The Lower Congo Basin lies in the northern region of the Angola Basin and is largely identified by a sedimentary fan that is fueled by the Congo River and is part of the Ogooue Delta.
While the fan is dated to the Oligocene, initial sediment deposition which the fan developed on began in the Cretaceous and contains some of the Aptain salt layer.
This fan is one of the largest marine fans in the world as it covers 300,000 square kilometers leading from the mouth of the river into the Atlantic Ocean.
Since the fan is mainly composed of turbidite deposits composed for large amounts of sandstone and fine grained muds, it is likely an area that is currently generating hydrocarbons and probably has been for the past 30 million years.

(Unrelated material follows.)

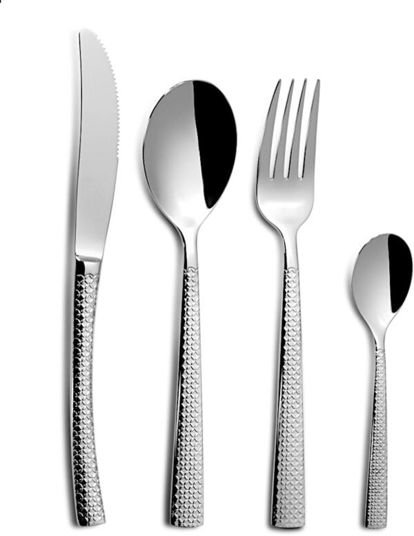 • Composto da: 6 coltello da tavola / 6 cucchiaino da tavola / 6 forchetta da tavolo/6 cucchiaino da caffè

This feature is highly dominated by gravity flows where sediment and fluid flow down slope due to gravity.

===Kwanza Basin===
The Kwanza Basin lies in the lower region of the Angola Basin and can be divided into the inner and outer Kwanza Basins, with the inner basin lying closer to the continent of Africa and the outer basin surrounding the inner basin.
Basement structures separate the inner and outer areas of the basin; these structures are named the Flamingo, Ametista, and Benguela Platforms which comprises the Atlantic hinge zone.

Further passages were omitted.